Bei meinen Kollegen gab es viele Bücher und Statuetten – man denke an Freuds Büro in der Berggasse 19 –, Antiquitäten, Perser-Teppiche, afrikanische Masken an den Wänden. Allerlei Pflanzen, darunter bevorzugt Orchideen, beruhigende Landschaftsmalerei et cetera. Einige Therapeuten waren Kunstsammler, Maler oder Bildhauer und stellten ihre Sammlungen, Kunstwerke oder Mitbringsel von fernen Reisen zur Schau. Das Hauptanliegen besonders der traditionellen Psychoanalytiker ist, eine Atmosphäre zu schaffen, in der sich der Patient entspannen kann, aber zur gleichen Zeit dazu angeregt wird, seine Gedanken in freier Assoziation schweifen zu lassen. Die Couch ist fast immer da, aber man legt sich nur noch selten flach hin.
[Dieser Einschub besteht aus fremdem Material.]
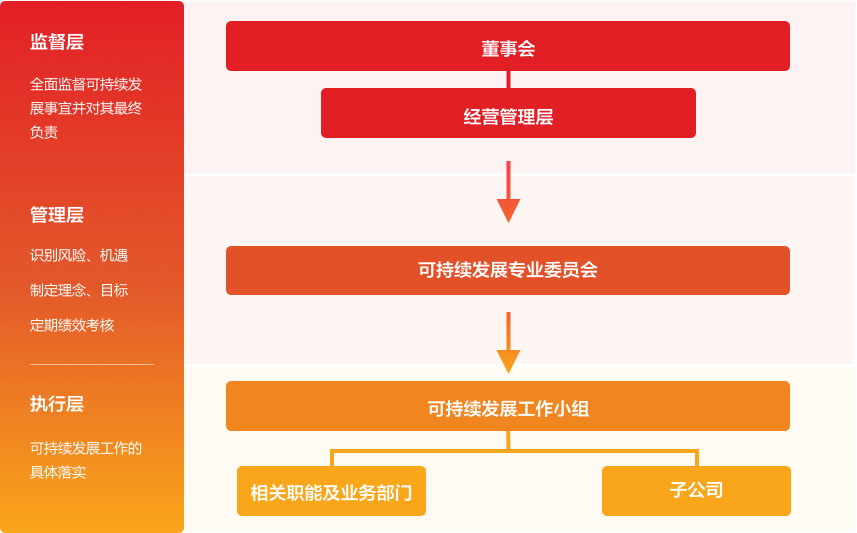 公司将可持续发展与公司战略发展相结合,通过建立健全可持续发展相关的组织体系、工作机制,统筹推进ESG工作的落实,识别及管理长期ESG风险及机遇,为公司健康发展打下基础。
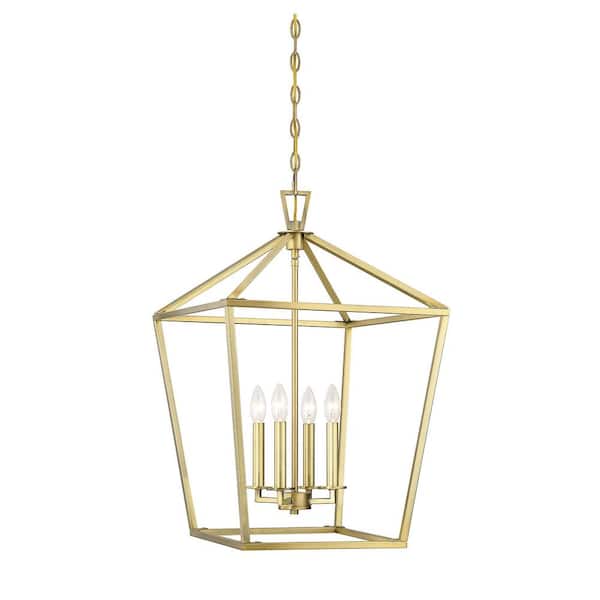 Townsend 17 in. W x 26 in. H 4-Light Warm Brass Candlestick Metal Lantern Pendant Light

In manchen Praxen hatte ich ein so behagliches Gefühl, als säße ich in Mutters Schoss. Dann wiederum gab es auch sehr spartanische, funktional wirkende, fast kalte Raume. An solchen Orten hatte ich das Gefühl, ich könnte mich nirgendwo verstecken. Ich stellte mir vor, dass der Patient keine andere Wahl hat, als tief aus sich selber zu schöpfen, um den sterilen Raum mit etwas Lebendigem – seinem brodelnden Inneren – auszufüllen: Gefühle, Geschichten, Erinnerungen, Fantasien. Als ich einen dieser Therapeuten fragte, was es mit diesem Minimalismus auf sich habe, bemerkte er lapidar: "Der Patient soll durch nichts abgelenkt werden".

Wie sich in den Ihre Bilder begleitenden Geschichten zeigt, unterscheiden sich nicht nur die Möblierung, sondern auch die Zugänge und die Methodik ihrer Kollegen teilweise massiv. Was macht heutzutage einen guten Seelenklempner aus?

Für mich sind Psychotherapeuten eine Mischung von Wissenschaftlern, Humanisten, Künstlern, Dichtern und Zauberern. Manche von ihnen entfalten eine seltsame Art von zwischenmenschlicher Energie, die sich nicht definieren lässt. Diese Faszination und Neugier an dem Beruf dienten mir als Triebfedern zur Umsetzung meines Projekts. Ich glaube, dass die Voraussetzung, ein guter Therapeut zu werden, in einem genuinen Interesse am Menschen liegt. In einer empfindlichen Wahrnehmung von Emotionen, der eigenen und der des Patienten und einer Bereitschaft, die eigenen Gefühle und die von anderen zuzulassen und zu erforschen.

Die Fähigkeit zum wertfreien Zuhören ist extrem wichtig. Das berühmte Credo des brillanten Wiener Psychoanalytikers, Theodor Reik, "Hören mit dem dritten Ohr", hat nach wie vor seine Gültigkeit. Ein begabter Therapeut horcht intuitiv in seine eigenen Gefühle hinein, um die des Patienten besser zu verstehen. Dazu ist es am besten, wenn der Therapeut selber in Therapie war, damit er seine unbewussten Konflikte nicht auf den Patienten überträgt. Es ist so, wie mir ein Mentor mal erklärt hat: "Ein Therapeut, der nie selber in Therapie war, ist wie ein Schwimmlehrer, der nicht schwimmen kann."

"Fifty Shrinks"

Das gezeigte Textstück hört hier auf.